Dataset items
·····

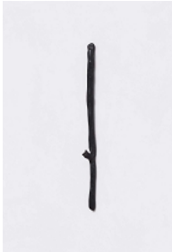
Paulo Monteiro Untitled, 2011 Bronze Unique From a series of 3 15 15/16 x 1 11/16 x 1 3/8 inches (40.5 x 1.8 x 3.6 cm) C25908

531 West 24th Street New York NY 10011 tel 212 206 9100 fax 212 206 9055 www.luhringaugustine.com
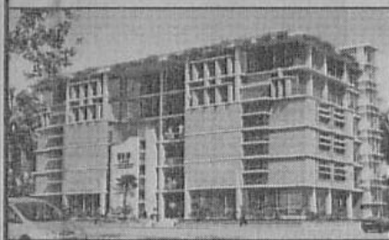
UIU New Campus House No. 80, Road No. 8/A Dhanmondi, Dhaka-1209

On the Occasion of Moving to New Campus Great Opportunity for Brilliant Students Tuition Fee Waiver for the Entire Program
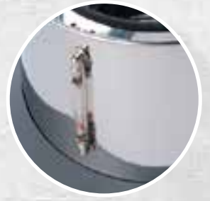
CLEAN WATER LEVEL INDICATOR
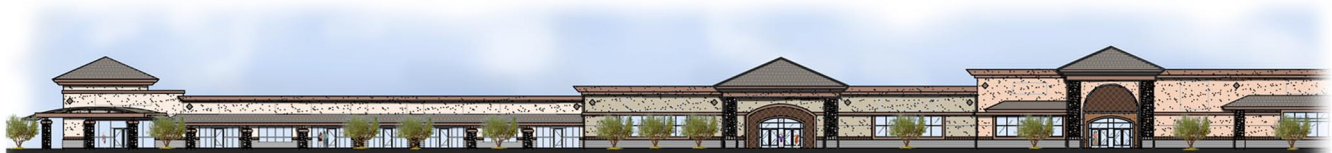
Conceptual Building Elevations

LVA provided planning and design services including site investigation and analysis, rezoning plan preparation, and precise site planning. Additional services provided included landscape design and master plan, conceptual architectural elevations and theming, and team coordination for drainage analysis and utility service analysis. A comprehensive sign plan was also completed by LVA to maximize and allow future flexibility in determination of monument and building sign sizes and locations. A phased, modular site design approach was incorporated to provide ample opportunity for the future developer in targeting desired commercial users.
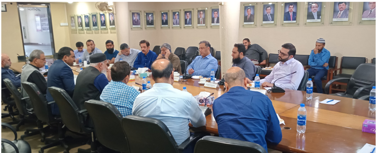
Officials from SSGC SITE office visited S.I.T.E. Association of Industry
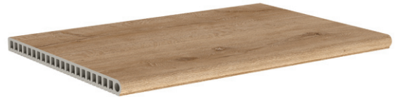
Pool Coping 45x75cm
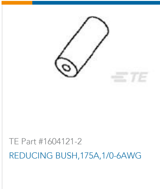
TE Part #1604121-2 REDUCING BUSH,175A,1/0-6AWG
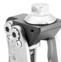
Pediatric Male Pyramid, Stainless Steel (#: GUPAC-MP1) Weight Limit: 132lbs
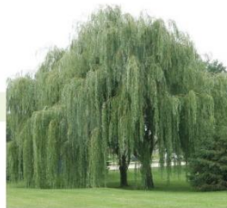
Geijoria paviifolia Australian Willow
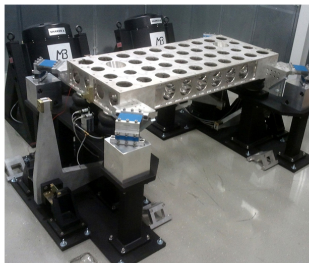
Vertical & Roll Excitation, 4 DOF Mode

Buzzes, squeaks and rattles in vehicles are a major source of customer dissatisfaction, complaints in J.D. Power surveys, and warranty claims and costs. MB Dynamics delivers affordable turnkey systems to help OEMs & their suppliers develop and produce vehicles free of squeaks & rattles, with measurable quality. VPR+4D can be used for product validation during design/development as well as for production verification, launch support, and in-plant quality audits.
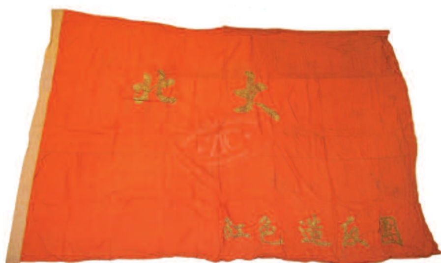
ZFC2482 China - Beida University Red Guards, Beijing. This flag was used by the Red Rebel Group at Beida University (Peking University) during the Cultural Revolution. This flag was acquired in Beijing in 2007.
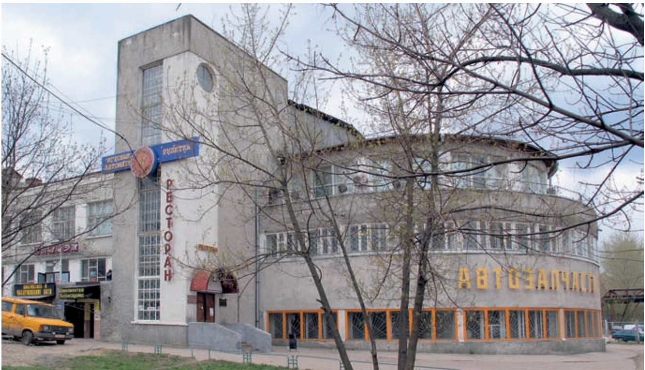
Metal workers club in Kashira near Moscow. 1929–30, arch. unknown. Current condition.
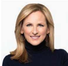
Marlee Matlin Academy Award-Winning Actress and New York Times Bestselling Author
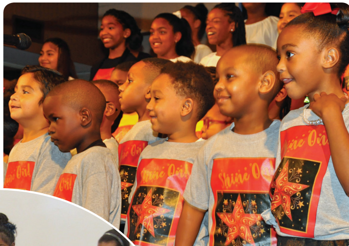
GREENWOOD – St. Francis of Assisi students learn why the smallest, most humble star gets to be the Christmas star at Jesus' birth in their play, "A Star is Born."
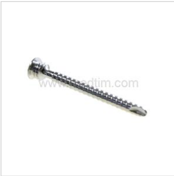
2.0 mm Volar Plate Screw
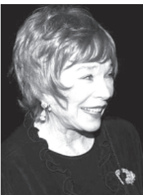
Oscar-winning American actress Shirley MacLaine is to join the cast of "Downton Abbey" next season, the British period drama's producers said Monday.

NEW YORK, 31 Jan—Oscar-winning American actress Shirley MacLaine is to join the cast of "Downton Abbey" next season, the British period drama's producers said on Monday. Season 2 of the ITV series is airing in the United States Sundays on PBS under the network's Masterpiece programming banner.
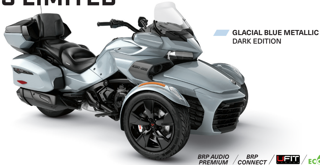
SPYDER F3 LIMITED
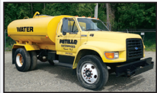
'97 FORD F-800 (3,080 MILES)

1997 FORD F-800 Single Axle Water Truck , Cummins B5.9-175, 175HP diesel engine and 6 speed transmission, 2,000 gallon steel water body with rear, side, and front cable controlled spray heads, rear hose reel, electric/hydraulic brakes, 30,000 lb GVWR, and 11R22.5 tires. In good condition with very good tires. (Odometer Reads 003,080 Miles) (Meter Reads 1,050 Hours)
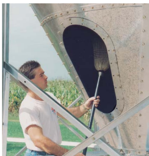
EASY GROUND-LEVEL BIN CLEAN-OUT
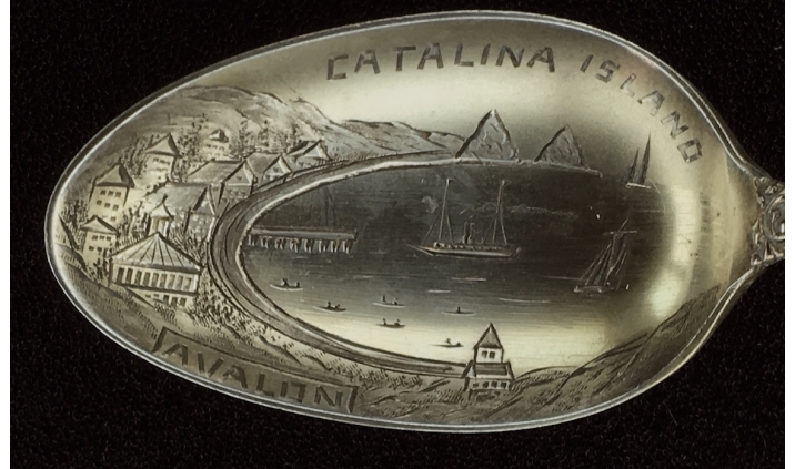
Caption 6, Variety 2 - "Catalina Island Avalon" (C6-V2)

on Gorham Versailles pattern (woman and cherub)
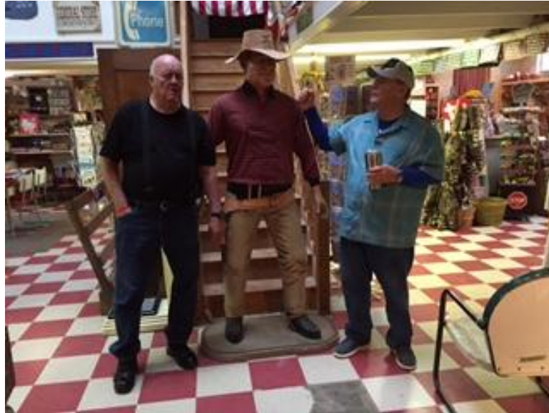
The good, the bad and the..., Who is who?

Friday was the day to check out the vendors, view the Regional Couple of the Year selection process, engage in seminars, and meet and greet people, new and old, from throughout the Region and country. Some of our members toured the historic town of Jefferson, Texas and took the back roads to explore the area around Caddo Lake. Although the weather was a little muggy we all enjoyed riding the Piney Woods of East Texas and seeing all the greenery. Later in the afternoon some members rode to Shreveport, Louisiana to see how Cajun's do their 50-30-20 drawings. Needless to say most of the winnings stayed in Louisiana.
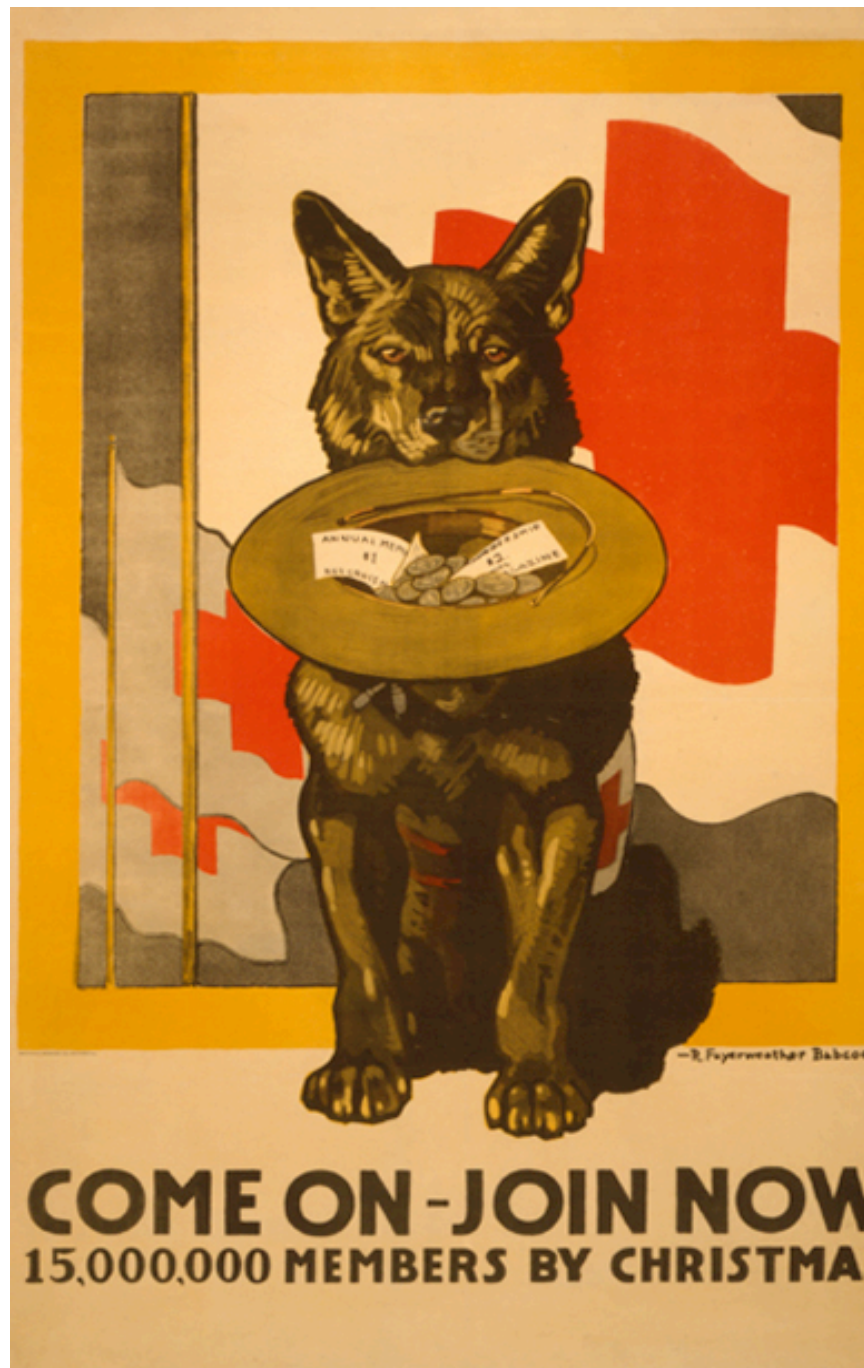
Figure 1, “Come On--Join Now” 97
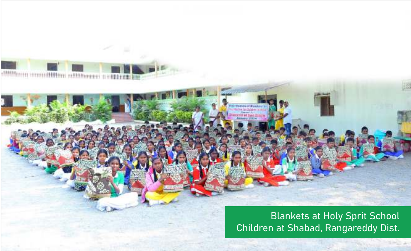
Blankets at Holy Sprit School Children at Shabad, Rangareddy Dist.
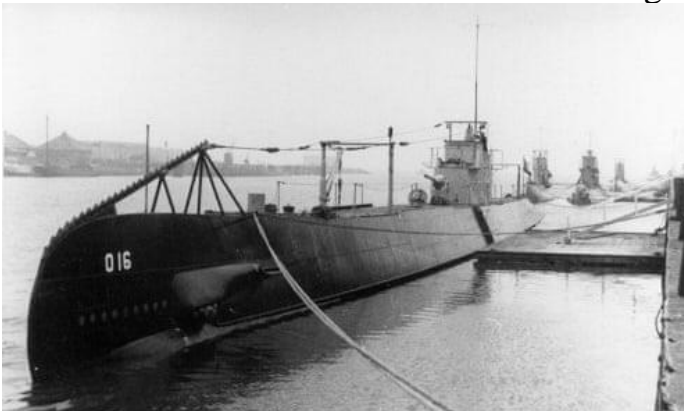
The O16 submarine in its prime.

The two Dutch shipwrecks were that of two World War 2 era submarines: the HNLMS O 16 and HNLMS K XVII. These ships were built in the early 1930s, with the K XV11 being the older of the two, while the O 16 was an improvement on its older sibling that was bigger and faster. The Dutch would later send them to become the pride of their submarine fleet patrolling the Dutch East Indies by the late 1930s. The K XV11 was also quite controversial, with a number of conspiracy theories about how it actually saw the Japanese troops heading over to Pearl Harbor. Sadly, both of these submarines were sunk in 1941 by Japanese mines near Pulau Tioman, and these shipwrecks were also the final resting grounds for the 79 men who were onboard. The disappearance came to light when a group of Dutch and Malaysian expedition members were investigating a possible disturbance in the area surrounding the shipwrecks, and discovered that the pair of almost 80-year old wreckages were no longer there. What's left was just an outline in the seabed and a few remains of one of the shipwrecks in the ocean. The remains of the 79 crewmen are now missing as well.
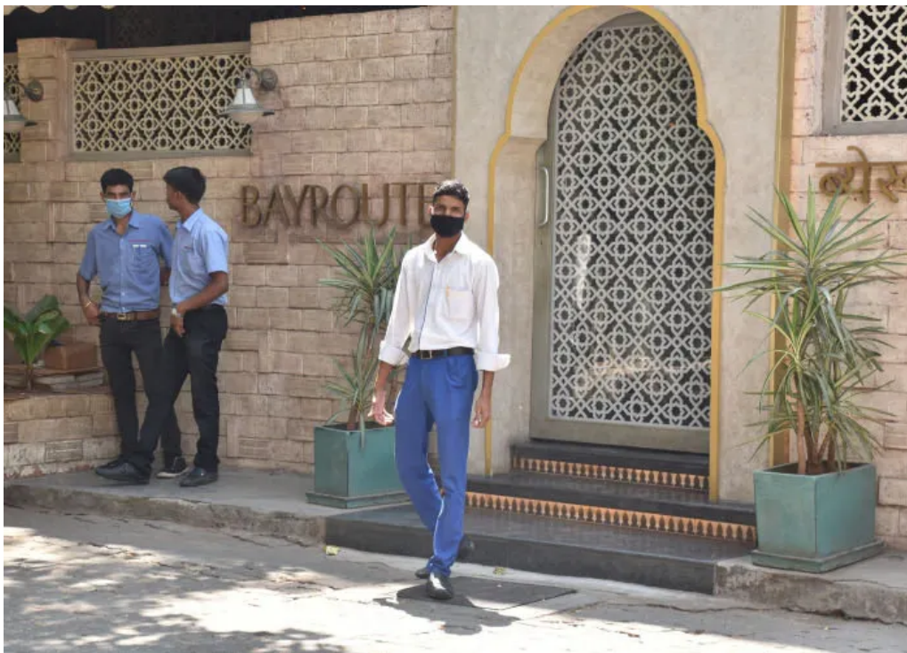
A resident wears a face mask in Mumbai, where the usually bustling streets are almost deserted. . .
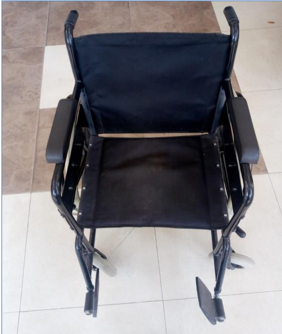
Wheelchair facility in MRCE

Approved by AICTE - New Delhi, Affiliated to JNTU - Hyderabad, Accredited by NBA & Accredited by NAAC. ISO 9001:2015 Certified Institution, Recognition of College under Section 2(f) & 12 (B) of the UGC Act, 1956.
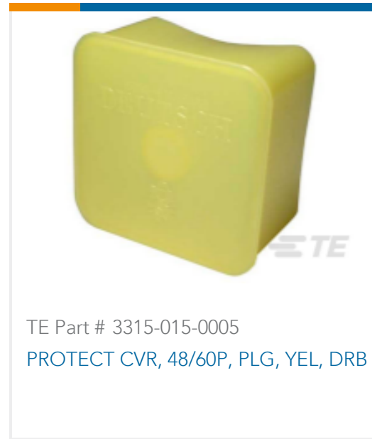
TE Part # 3315-015-0005 PROTECT CVR, 48/60P, PLG, YEL, DRB
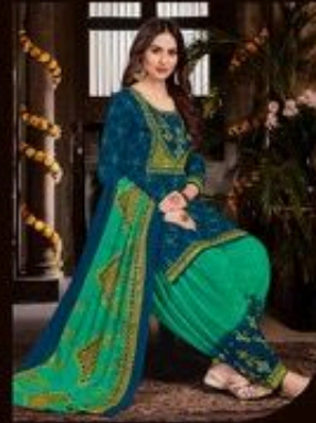
• 2006 •
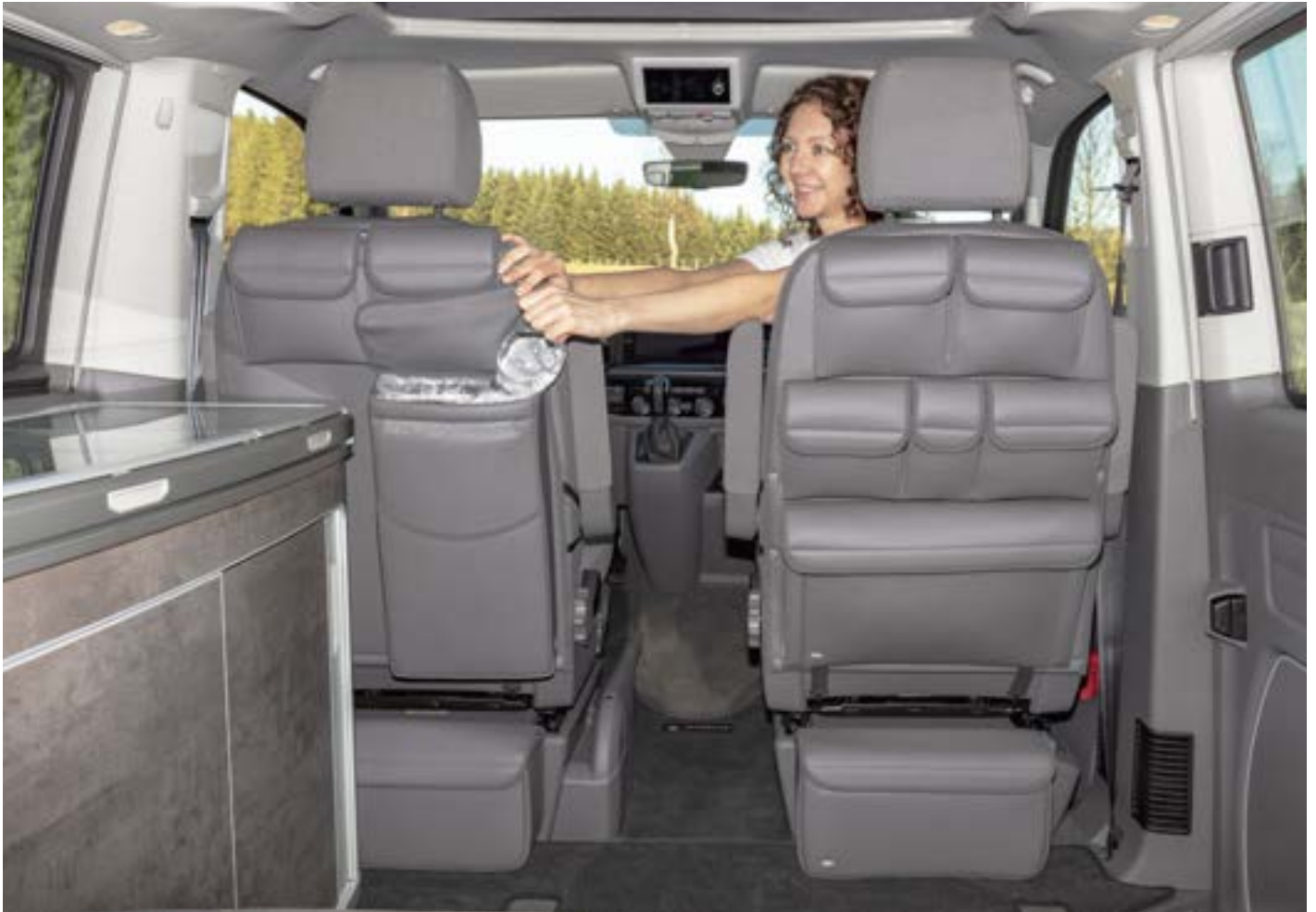
Utility with MULTIBOX for the left seat of the driver's cabin: insulation box + invisible rubbish bin + storage room. The MULTIBOX has the same quality as an insulation bag: its interior is lined with insulating and shock resistant material. It even offers enough space for 2 litre bottles. If you need a rubbish bin, simply insert a standard 20 litre rubbish bag with handles to the holders inside. Right side: the Utility for the passenger seat offers a lot of storage room.
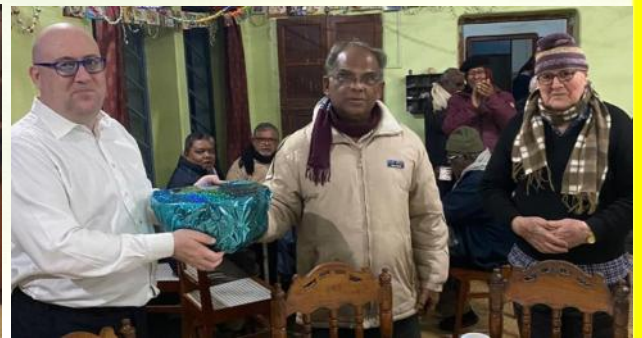
High Commissioner of Malta in Jisu Jaher, Dudhani
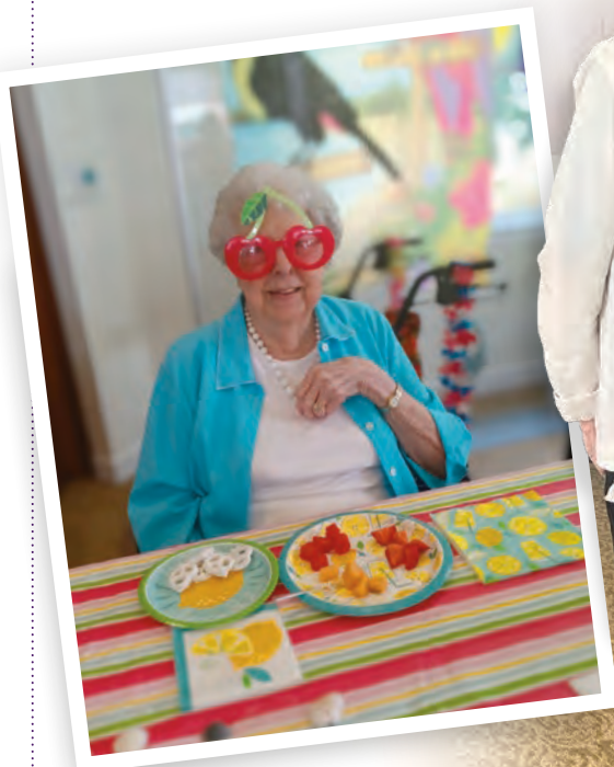
All eyes are on Dell as she sports the latest in summer fashion.

·····

- [TASK REQUIREMENTS]
Only the lines above from the one with "Buzzes, squeaks and" to the one with "Marlee Matlin Academy" should be printed, both included and exactly as written; no picture belongs in the copy.

- [RESPONSE TO THE TASK]
Buzzes, squeaks and rattles in vehicles are a major source of customer dissatisfaction, complaints in J.D. Power surveys, and warranty claims and costs. MB Dynamics delivers affordable turnkey systems to help OEMs & their suppliers develop and produce vehicles free of squeaks & rattles, with measurable quality. VPR+4D can be used for product validation during design/development as well as for production verification, launch support, and in-plant quality audits.
ZFC2482 China - Beida University Red Guards, Beijing. This flag was used by the Red Rebel Group at Beida University (Peking University) during the Cultural Revolution. This flag was acquired in Beijing in 2007.
Metal workers club in Kashira near Moscow. 1929–30, arch. unknown. Current condition.
Marlee Matlin Academy Award-Winning Actress and New York Times Bestselling Author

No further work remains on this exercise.